:: Data listing ::
=====
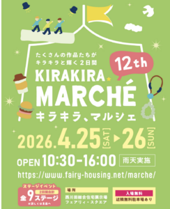 今週末の4月26日(日)、西川田総合住宅展示場 フェアリィ・スクエアさんで開催される「キラキラマルシェ」のステージに出演させていただきます♪
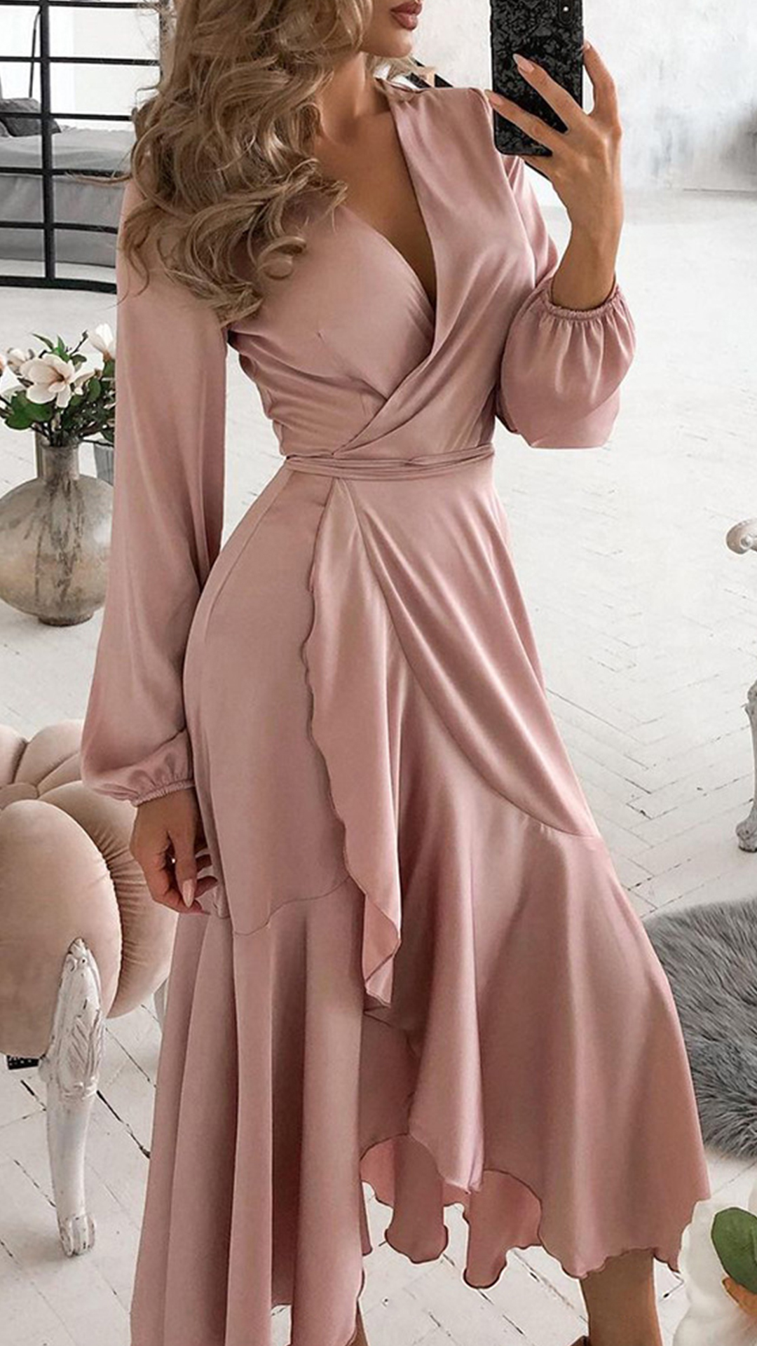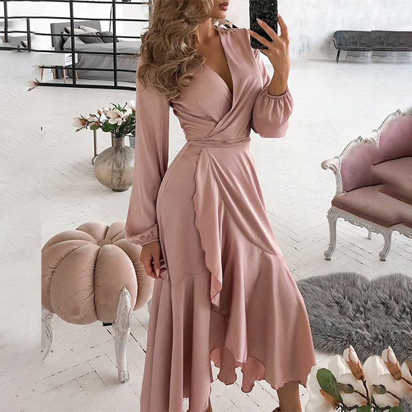 This dress is the one that will effortlessly enhance your level of stylish and femininity. That's why we love this dress! Com es with a sweet pink tone,finished with lantern sleeve,v-neck and an irregular ruffle hem,this dress knows how to exude your flirty,sexy and feminine sense. Save this wonderful piece for your fancy events!
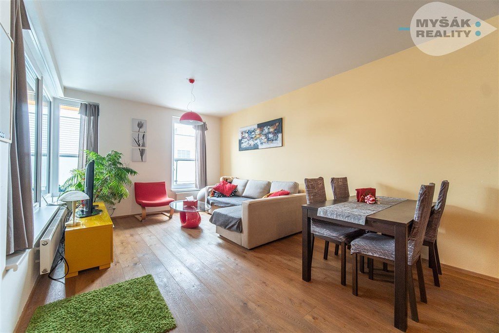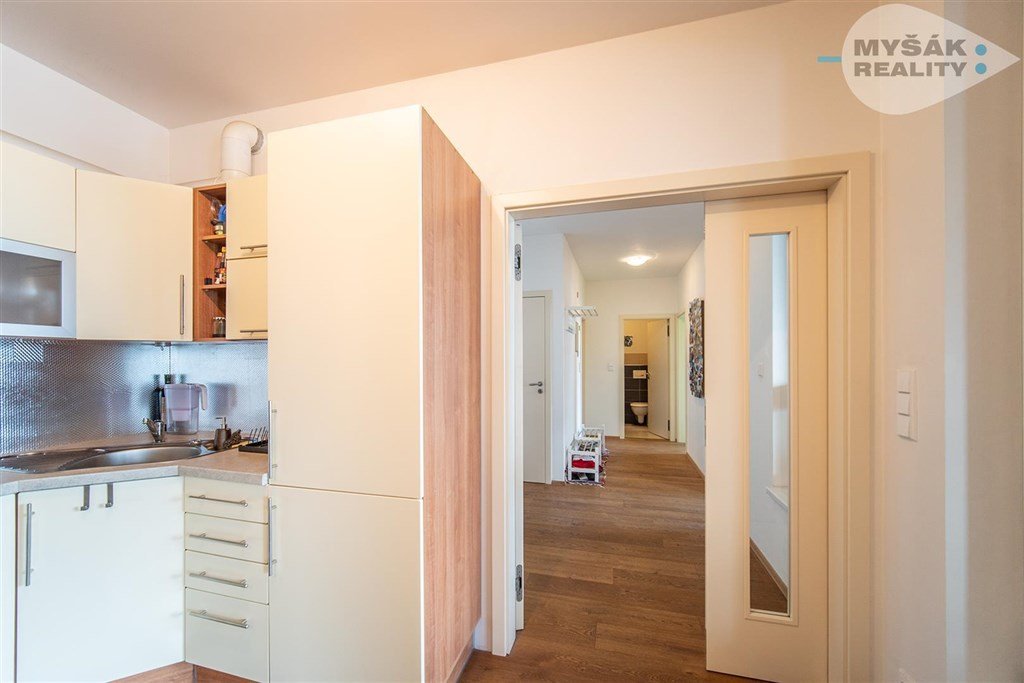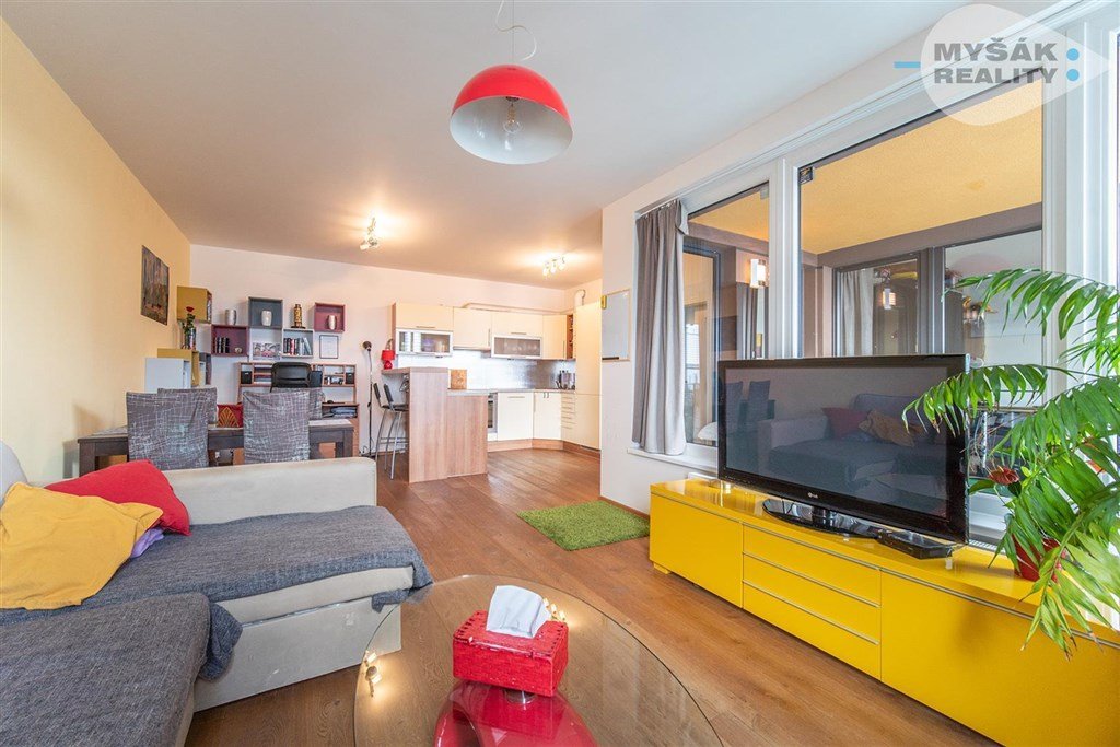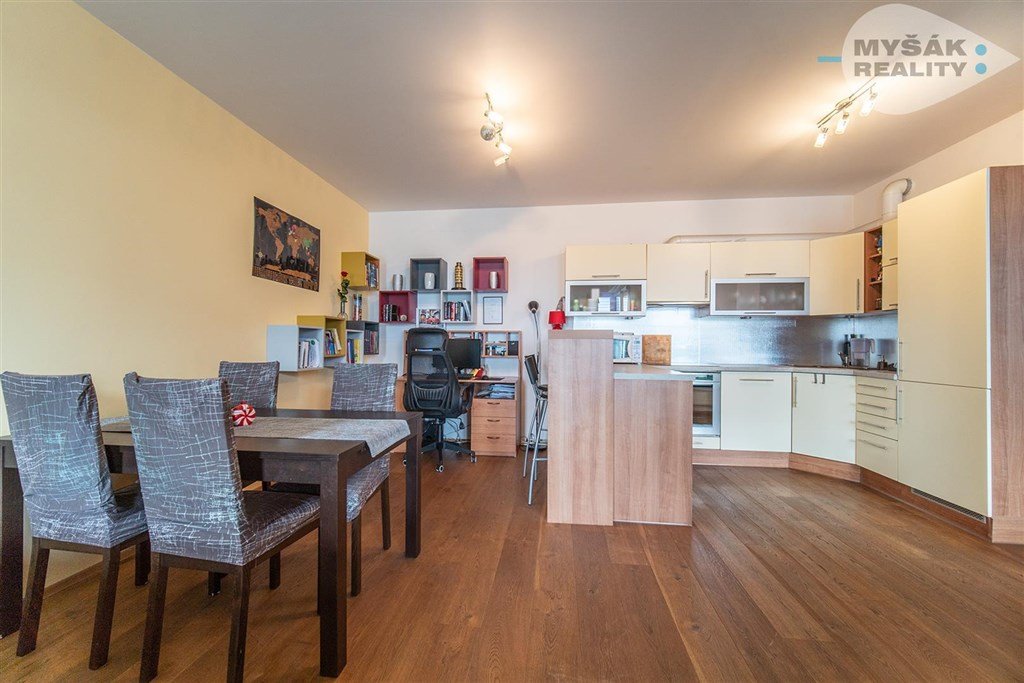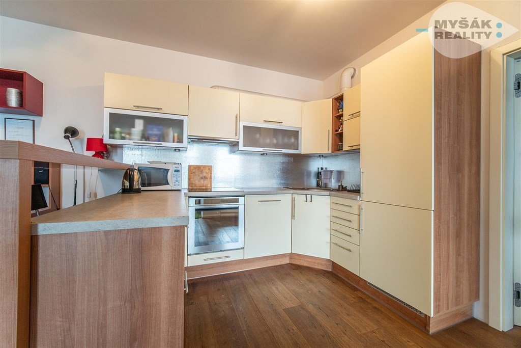 Vnitřní členění bytu je přesně jak má být, chytře řešené, účelné a dotažené do detailu. Srdcem bytu je 32 m2 velký obývací pokoj, s plně vybavenou kuchyňskou linkou, do níž jsou zabudovány spotřebiče (sklokeramická varná deska, sporák, myčka nádobí, lednička s mrazákem a výkonná digestoř). Kuchyň má dostatečnou pracovní plochu. Obytné části pokoje dodávají dostatek vzdušnosti a světla velká okna vedoucí na terasu.
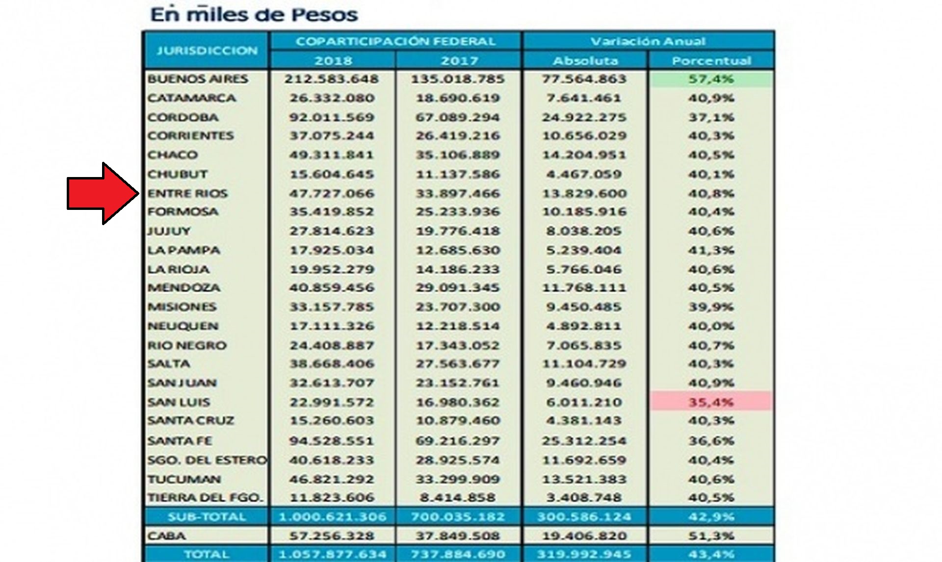 En total, las 23 provincias y CABA, durante 2018 recibieron $ 1,058 billón, un 43,4% más que en el acumulado de 2017, con una mejora real de 6,78%, según el informe difundido este miércoles por la consultora Economía & Regiones.
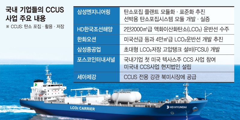조선·철강·에너지 등 국내 중후장대 기업들을 중심으로 탄소 포집·활용·저장(CCUS) 사업 경쟁이 뜨거워지고 있다. 이들 기업은 글로벌 환경 규제에 대응하는 선제적인 탄소 포집·저장 기술 상용화 및 프로젝트 개발로 미래 시장을 주도한다는 전략이다.
=====
Above are the entries; write them out again exactly, omitting the pictures.

:: Exercise result ::
 今週末の4月26日(日)、西川田総合住宅展示場 フェアリィ・スクエアさんで開催される「キラキラマルシェ」のステージに出演させていただきます♪
 This dress is the one that will effortlessly enhance your level of stylish and femininity. That's why we love this dress! Com es with a sweet pink tone,finished with lantern sleeve,v-neck and an irregular ruffle hem,this dress knows how to exude your flirty,sexy and feminine sense. Save this wonderful piece for your fancy events!
 Vnitřní členění bytu je přesně jak má být, chytře řešené, účelné a dotažené do detailu. Srdcem bytu je 32 m2 velký obývací pokoj, s plně vybavenou kuchyňskou linkou, do níž jsou zabudovány spotřebiče (sklokeramická varná deska, sporák, myčka nádobí, lednička s mrazákem a výkonná digestoř). Kuchyň má dostatečnou pracovní plochu. Obytné části pokoje dodávají dostatek vzdušnosti a světla velká okna vedoucí na terasu.
 En total, las 23 provincias y CABA, durante 2018 recibieron $ 1,058 billón, un 43,4% más que en el acumulado de 2017, con una mejora real de 6,78%, según el informe difundido este miércoles por la consultora Economía & Regiones.
조선·철강·에너지 등 국내 중후장대 기업들을 중심으로 탄소 포집·활용·저장(CCUS) 사업 경쟁이 뜨거워지고 있다. 이들 기업은 글로벌 환경 규제에 대응하는 선제적인 탄소 포집·저장 기술 상용화 및 프로젝트 개발로 미래 시장을 주도한다는 전략이다.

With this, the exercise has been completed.